33 Au soutien des conclusions en annulation à titre principal, les requérantes soulèvent un moyen à titre principal et un moyen à titre subsidiaire. Le premier moyen, à titre principal, est tiré de la violation de l’article 108, paragraphe 2, TFUE ainsi que de l’article 1er, sous b), ii), et des articles 21 à 23 du règlement (UE) 2015/1589 du Conseil, du 13 juillet 2015, portant modalités d’application de l’article 108 TFUE (JO 2015, L 248, p. 9). Le deuxième moyen, à titre subsidiaire, est tiré de la contradiction irréconciliable entre la décision attaquée et les fondements sur lesquels elle repose.

34 Au soutien des conclusions en annulation à titre subsidiaire, les requérantes soulèvent trois moyens. Le troisième moyen est tiré de la violation du principe d’attribution des compétences, consacré à l’article 5, paragraphes 1 et 2, TUE. Le quatrième moyen est tiré de la violation de l’article 107 TFUE, en ce que certains avantages inclus dans le champ d’application de la décision attaquée ne constituent pas des aides d’État et en ce que l’obligation de récupération constitue une violation de l’interdiction de l’enrichissement sans cause de l’État portugais. Le cinquième moyen est tiré de la violation de l’article 26, paragraphe 1, TFUE et de la directive (UE) 2016/1164 du Conseil, du 12 juillet 2016, établissant des règles pour lutter contre les pratiques d’évasion fiscale qui ont une incidence directe sur le fonctionnement du marché intérieur (JO 2016, L 193, p. 1), en ce qui concerne le développement du marché intérieur.

Sur le chef de conclusions, à titre principal, tendant à l’annulation des articles 1er à 3, de l’article 4, paragraphes 1 à 3, et paragraphe 4, deuxième membre de phrase, et des articles 5 et 6 de la décision attaquée

–  Sur le premier moyen, tiré de la violation de l’article 108, paragraphe 2, TFUE ainsi que de l’article 1er, sous b), ii), et des articles 21 à 23 du règlement 2015/1589

35 Les requérantes soutiennent, en substance, que la décision attaquée a violé l’article 108 TFUE et les articles 21 à 23 du règlement 2015/1589 dans la mesure où le régime III, tel que mis en œuvre, devrait être qualifié d’« aide existante ».

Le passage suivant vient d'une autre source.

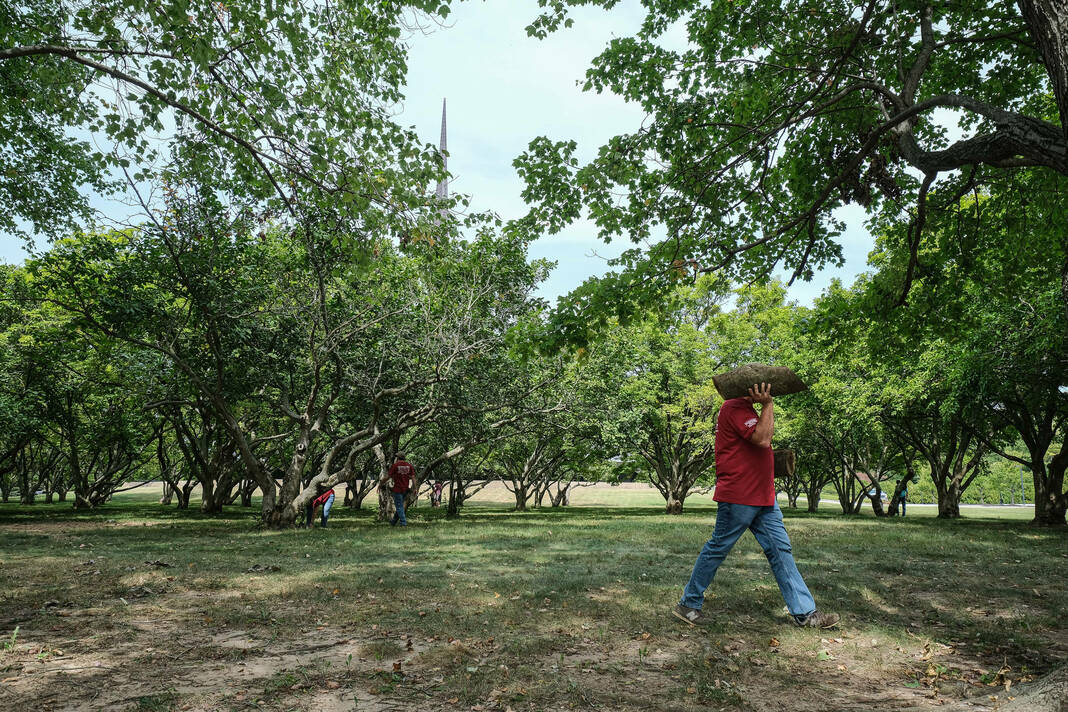 “I just want to work together with others to be able to support the community,” said volunteer Alexey Pivovarov, who worked at Columbus Animal Care Services on the day last year, spreading mulch.
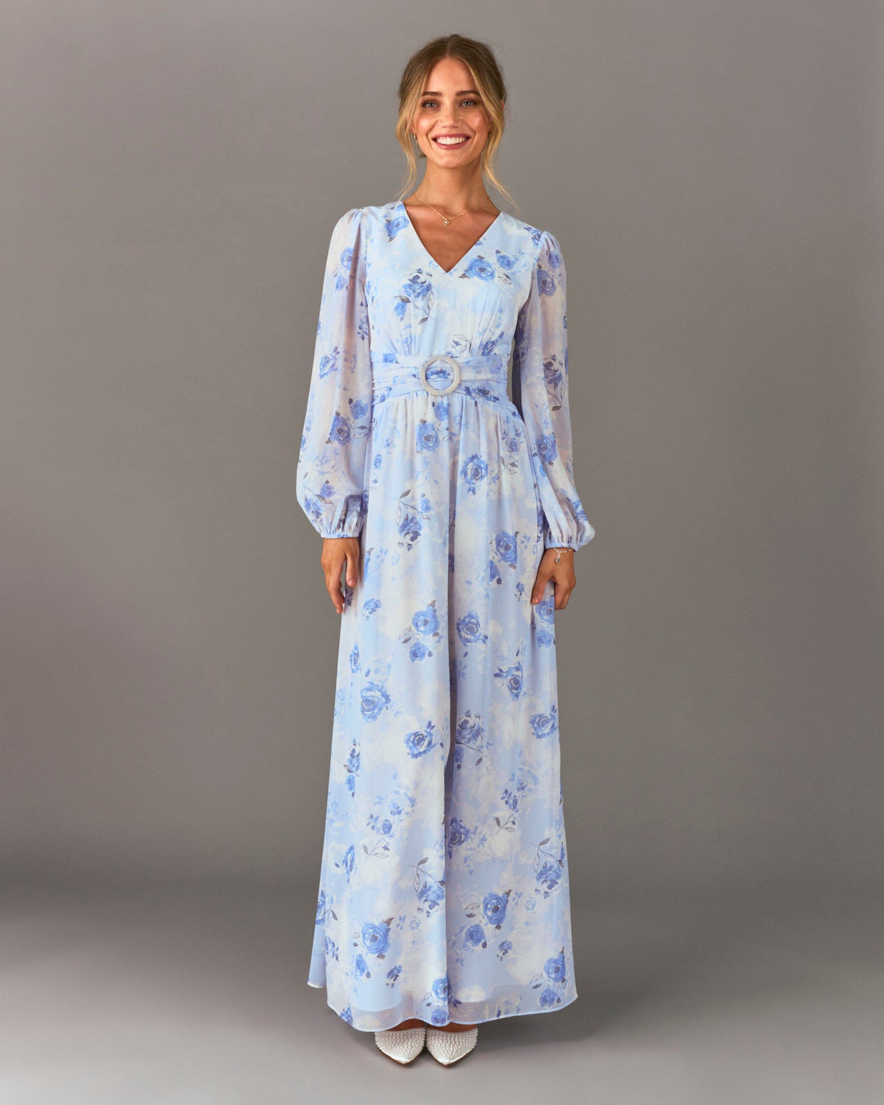 Det florale mønsteret og det fallende skjørtet gjør kjolen perfekt til bryllup, sommerfest og andre spesielle anledninger.

36 Selon les requérantes, contrairement à la condition relative à la création ou au maintien de postes de travail dans la RAM, la condition relative à l’origine des bénéfices auxquels s’applique la réduction de l’IRPM ne faisait pas partie intégrante de l’Estatuto dos Benefícios Fiscais (statut des avantages fiscaux) proposé par le projet de décret-loi accompagnant la notification. Partant, la Commission aurait à tort considéré, dans les décisions de 2007 et de 2013, que cette condition faisait partie intégrante du régime III notifié en 2006 et en 2012, qu’elle a approuvé et que le Portugal a mis en œuvre.

37 De ce fait, les aides visées par la décision attaquée auraient été mises en œuvre conformément aux bases juridiques notifiées à la Commission ainsi qu’aux décisions de 2007 et de 2013, et constitueraient donc un régime d’aides existantes, au sens de l’article 1er, sous b), ii), du règlement 2015/1589. Dès lors, la compatibilité de celui-ci aurait dû être appréciée dans le cadre de la procédure prévue aux articles 21 à 23 du règlement 2015/1589 et ne pouvait pas donner lieu à la récupération des aides individuelles versées en exécution de celui ci.

38 La Commission conteste cette argumentation.

39 Afin d’apprécier si la condition relative à l’origine des bénéfices auxquels s’applique la réduction de l’IRPM faisait partie intégrante du régime III autorisé par la Commission dans les décisions de 2007 et de 2013 et, partant, si, au considérant 180 de la décision attaquée, la Commission a, à juste titre, considéré que le régime III, tel que mis en œuvre, constituait un régime d’aides nouveau, au sens de l’article 1er, sous c), du règlement 2015/1589, et non, comme le soutiennent les requérantes, un régime d’aides existant, au sens de l’article 1er, sous b), de ce règlement, il convient de vérifier si cette condition faisait partie intégrante du régime III notifié par le Portugal en 2006 et en 2012.

40 En effet, il ressort de la jurisprudence que la portée d’une décision par laquelle la Commission ne soulève pas d’objection à l’égard d’un régime d’aides notifié par un État membre doit être déterminée non seulement en se référant au texte même de ladite décision, dont seul un résumé est publié au Journal officiel de l’Union européenne, mais également en tenant compte du régime d’aides notifié par l’État membre concerné (arrêt du 16 décembre 2010, Kahla Thüringen Porzellan/Commission, C 537/08 P, EU:C:2010:769, point 44).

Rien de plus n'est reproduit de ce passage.